Sister Wongel Alemayehu, Hamlin Midwife in West Oromia, reflected on the regional HMAN meeting in Metu: “We had a great time. We were able to share our successes and experiences – the best part of the meeting. We also set our goals in future and how we will work on it.”
Photo credit: GreenLamp
The impact of Hamlin Midwives
The Hamlin College of Midwives is a key cog in Hamlin’s efforts to eradicate fistula. After graduating with a Bachelor of Science (Midwifery) degree, graduates are assigned to a Hamlin-supported midwifery clinic near their hometown. This set-up garners better outcomes: Hamlin Midwives, by virtue of being a part of the communities they serve, are able to better communicate with the population, understand local customs, navigate cultural norms, help dispel misconceptions about maternal health care, and earn the trust of the community.

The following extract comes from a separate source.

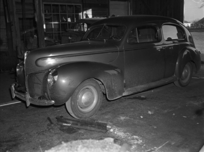 Two boys stole a car from Dallas, Texas, leading police officers all over the area on a car chase and man hunt. Sheriff Roy Moore and Game Warden T. O. Bobbitt, both of Denton., Texas, were the first to spot the stolen car. They chased it for four hours through Denton and Tarrant County. The boys later abandoned the stolen car near Grapevine. The car the boys stole is a Ford Mercury Eight. It is shown parked inside a garage.

Since 2010, 195 Hamlin Midwives have graduated from the Hamlin College of Midwives. Hamlin Midwives are currently based in over 50 Hamlin-supported midwifery clinics across regional Ethiopia. Their transformative role extends beyond maternal health as well: Hamlin Midwives have played an important role in raising awareness about COVID-19 and preventing community transmission of the virus. This is the result of the trust that Hamlin Midwives have gained through years of excellent clinical work and community engagement.
In rural Ethiopia, where 70% of births take place without a midwife or doctor present, Hamlin Midwives are working tirelessly to provide safe births and prevent obstetric fistula injuries from occurring. In the 2019-2020 financial year, 24,856 babies were safely delivered at Hamlin-supported midwifery clinics.